Por otro lado, cabe aclarar que la misión no es propiedad de la Iglesia. Ella procede de Dios, de
su Espíritu. El Espíritu Santo es quien testimonia el amor de Dios padre-madre por su pueblo y
su creación y actualiza la misión de Jesús en el tiempo, en la Iglesia.

Distintos carismas para la misión

Quien ha sido llamado a la fe lo ha sido para ser misión en la Iglesia-misión. De esta manera se
puede afirmar que la misión y sus urgencias históricas son la explicación última de las diferentes
formas de vida que el Espíritu suscita en cada tiempo.

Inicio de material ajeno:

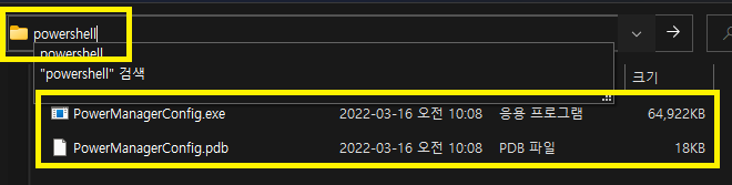 PowerManagerConfig 파일을 받고 압축을 푼 다음 주소창에 powershell 이라고 입력하여 powershell 을 실행합니다.

A ciertas personas, el Espíritu Santo las consagra por medio de un don personal, intransferible.
A otras por un carisma dual, que se comparte en la conyugalidad o esponsalidad; o en la
paternidad-maternidad espiritual. Otros son consagrados por un carisma comunitario, en el que
muchos se encuentran y comunican. De esta manera, el Espíritu Santo, a través de la Vida
Consagrada hace memoria y representa en la Iglesia la forma de vida de Jesús liminal: obediente,
pobre y célibe por el reino de Dios. Teniendo en cuenta estos presupuestos, podemos vislumbrar
que ninguna forma de vida o ministerio tiene la capacidad de absorber y expresar toda la riqueza
y pluridimensionalidad de la misión.

La vida Consagrada como carisma colectivo para la misión

Teniendo en cuenta que la vida Consagrada tiene diferentes formas de vida según sea su carisma
y, a su vez, sabiendo que la misión es una, porque es en la Iglesia-misión donde nos encontramos
podemos diferenciar algunas características en los diferentes modos de vida Religiosa. La vida
contemplativa concretiza la misión de testimonio e irradiación de aquella experiencia fontal
humana de Dios, de su reinado y del mundo. La vida Consagrada apostólica refleja la misión de
aquella acción y pasión transformadora a través de las cuales Jesús decía y hacía lo que había
escuchado y visto hacer al Abbá. Las sociedades de vida apostólicas y los institutos misioneros
representan al Jesús itinerante, siempre en camino, libre y liberado para que el mensaje y la
gracia del reino llegue a todos los pueblos. Por último, los institutos seculares realizan la misión
en la dispersión y desde la individualidad personal.